What to do
Omit all pictures, and print word for word only the lines from the one containing "Et tidløst og" through the end of the data.

Data block
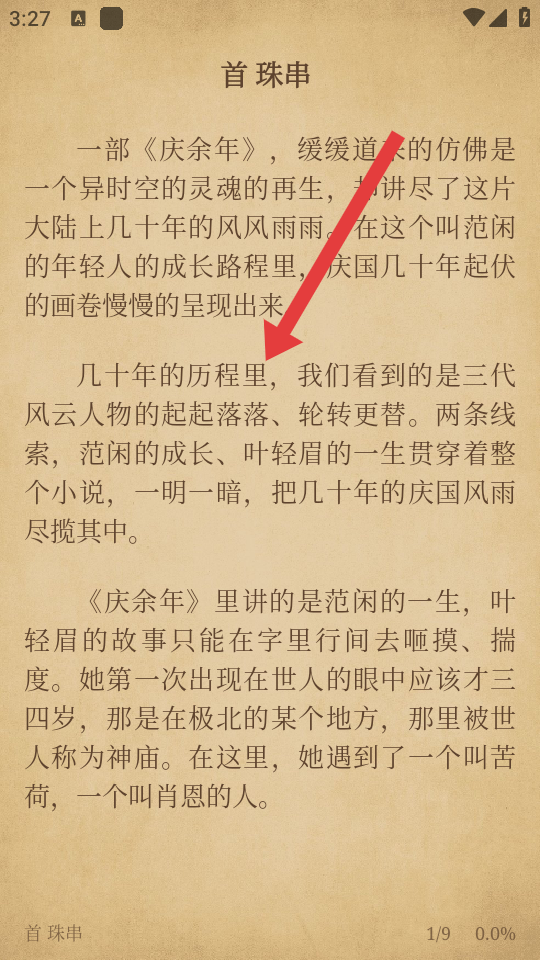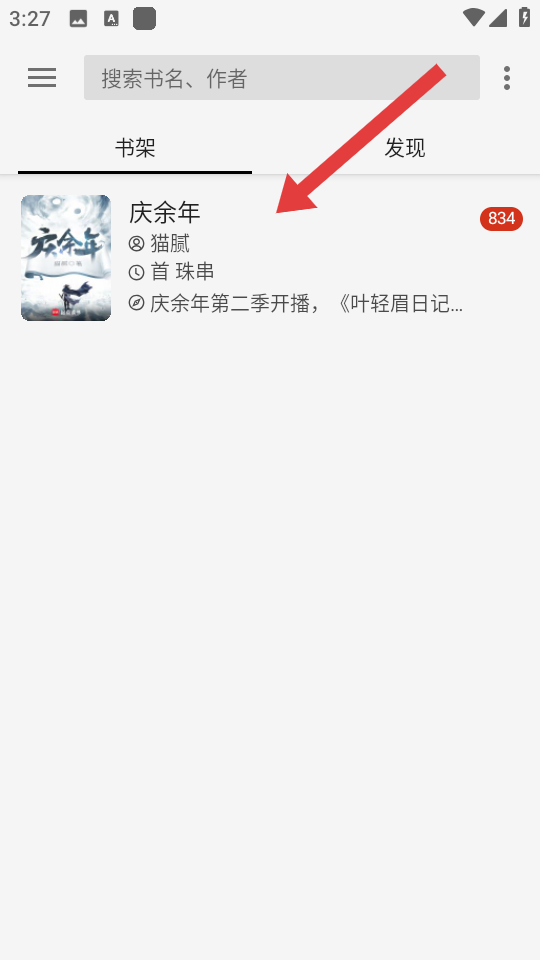 1、在老子搜書的書架頁(yè)面,點(diǎn)擊要調(diào)整目錄的書籍如慶余年,進(jìn)入書籍閱讀界面。
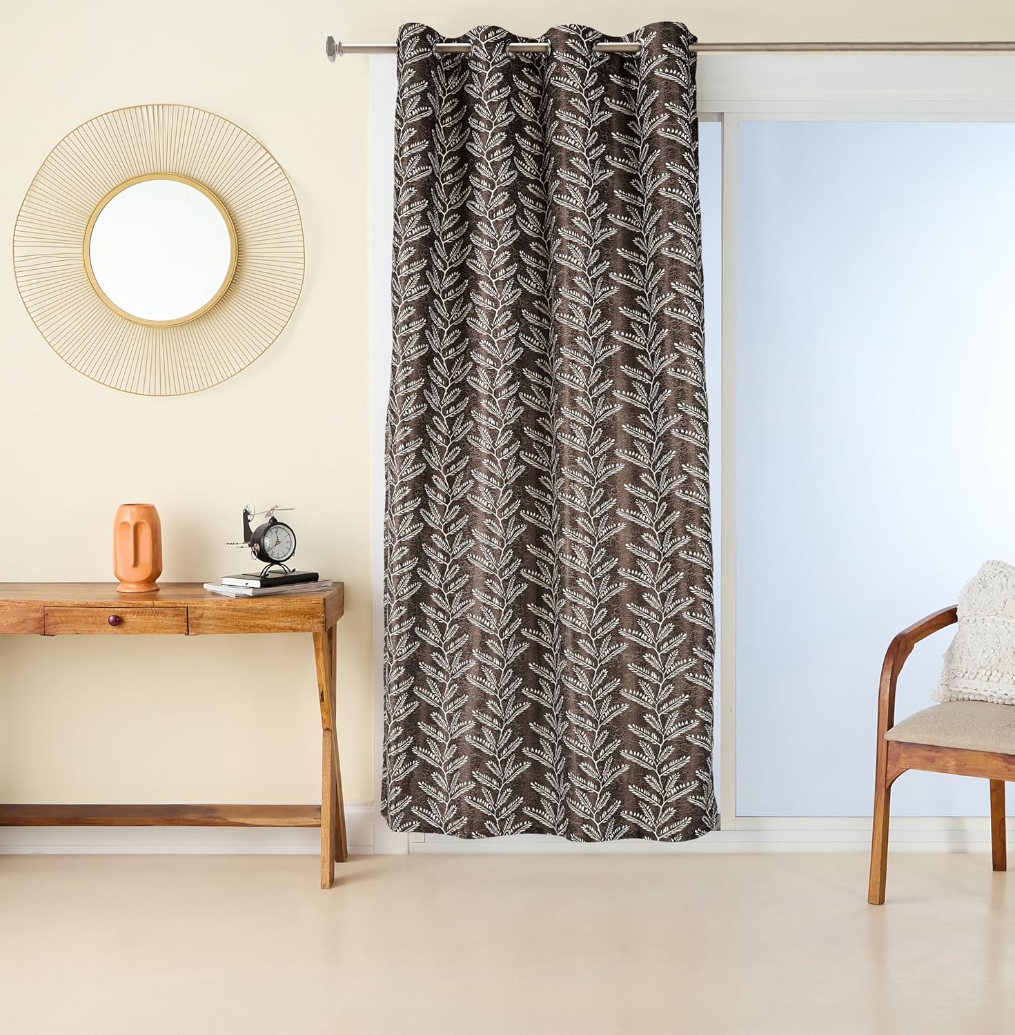 Leaf Print Cotton Curtains: These elegant curtains are crafted from soft cotton with a charming leaf print pattern to your space in a soothing coffee color palette.
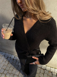 Et tidløst og komfortabelt valg til hverdagsgarderoben. - Produkttype : Cardigan - Hals : V-hals - Erme : Lange ermer - Ermer : Lave skuldre - Mansjetter : Ribbemansjetter - Lukking : Omslagslukking - Detaljer : Belte i midjen - Passform : Regular Fit
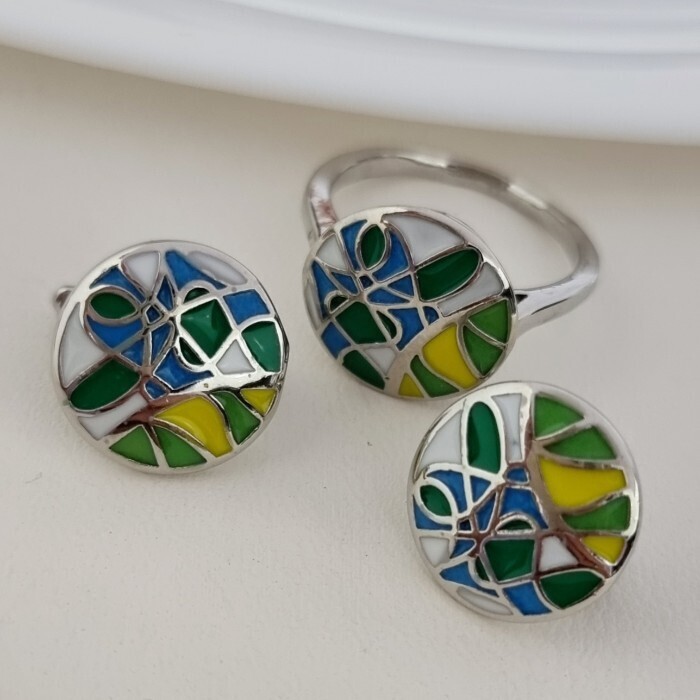 Комплект ювелирной бижутерии серьги и кольцо 20 р, покрытие позолота, вставка: цветная эмаль, цвет:желтый, зеленый и белый, арт.313.213-20 2 фото

Reply to the exercise
 Et tidløst og komfortabelt valg til hverdagsgarderoben. - Produkttype : Cardigan - Hals : V-hals - Erme : Lange ermer - Ermer : Lave skuldre - Mansjetter : Ribbemansjetter - Lukking : Omslagslukking - Detaljer : Belte i midjen - Passform : Regular Fit
 Комплект ювелирной бижутерии серьги и кольцо 20 р, покрытие позолота, вставка: цветная эмаль, цвет:желтый, зеленый и белый, арт.313.213-20 2 фото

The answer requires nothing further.